In his keynote address Tuesday at the Next TV Summit in Santa Monica, as well as a Q&A that followed with Multichannel News technology editor Jeff Baumgartner, Greenberg returned several times to the theme of television as an experience that must put customer convenience at the forefront.
As an example of a way in which Epix—a premium network and joint venture of Viacom, MGM and Lionsgate—is attempting to follow that directive, Greenberg cited the network’s Screening Room app, which allows Epix subscribers to invite friends to view programming with them in a live chat room.
Greenberg also stressed the importance of embracing TV Everywhere and making it easier to use. Baumgartner asked for a show of hands as to how many audience members know how to log in to TV Everywhere services, prompting a small smattering of arms to to go up.

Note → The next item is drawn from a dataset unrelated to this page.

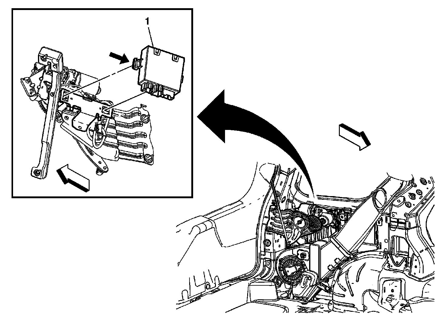 1. The liftgate control module is located behind the liftgate close actuator assembly.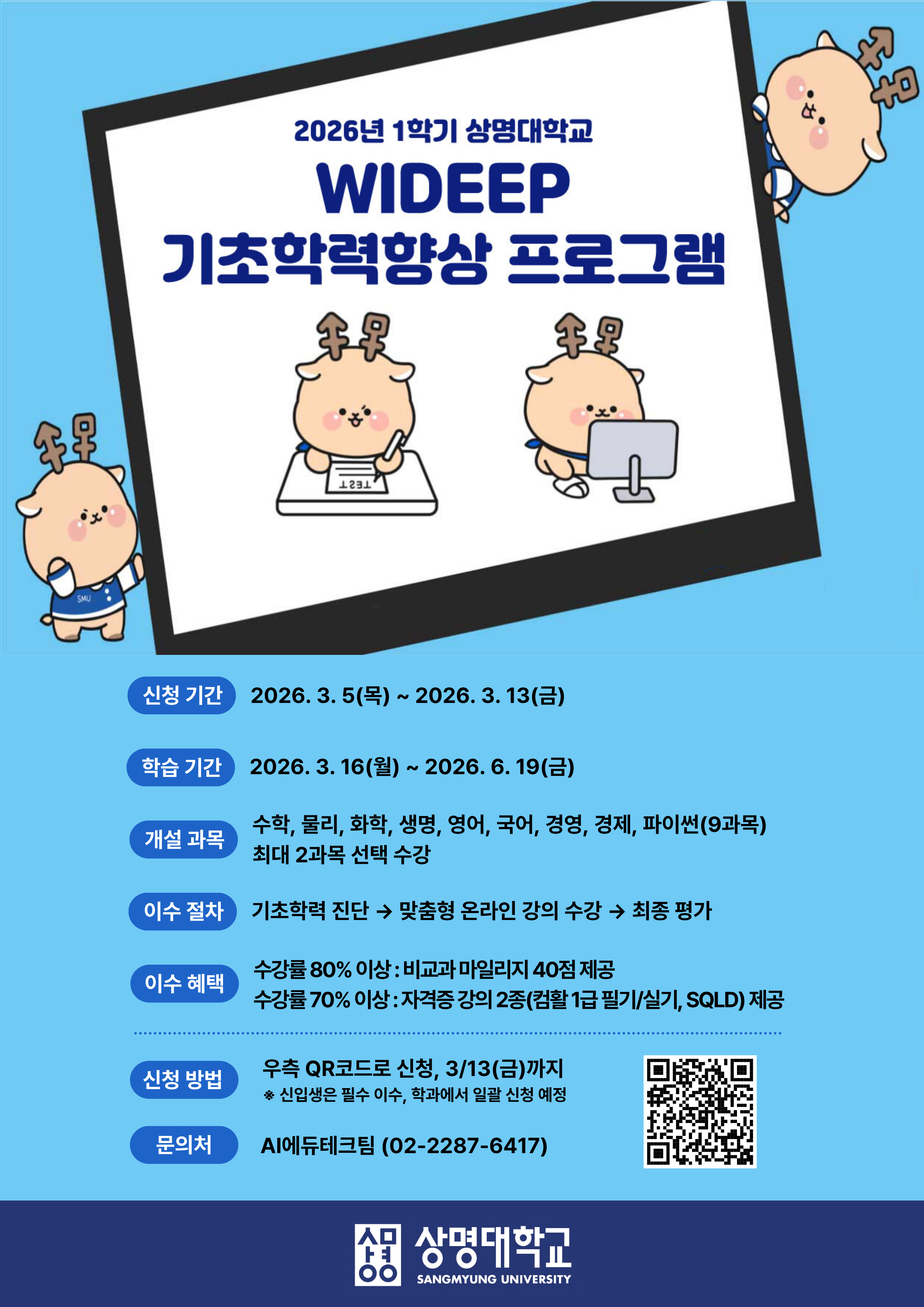 - [AI에듀테크팀] 2026학년도 제1학기 WIDEEP 기초학력향상 비교과프로그램 일정 및 참여 방법 안내

“It’s not user friendly,” Greenberg said of TV Everywhere. “We have to put the consumer at the center of our business.”
Greenberg noted that the average subscriber for HBO and Showtime is 49 years old, and estimated that that number could rise to 59 within the next 10 years. He warned of what could become of the TV industry if it continues to treat younger viewers who embrace digital consumption as “barbarians who must be kept away from the gates,” noting that Epix’s offices in Times Square are situated across from a storefront that used to house a Virgin Megastore and is now a Forever 21.
“I’d argue that the music industry missed giving that audience wants,” he said. “That audience wants what they want on their own terms.”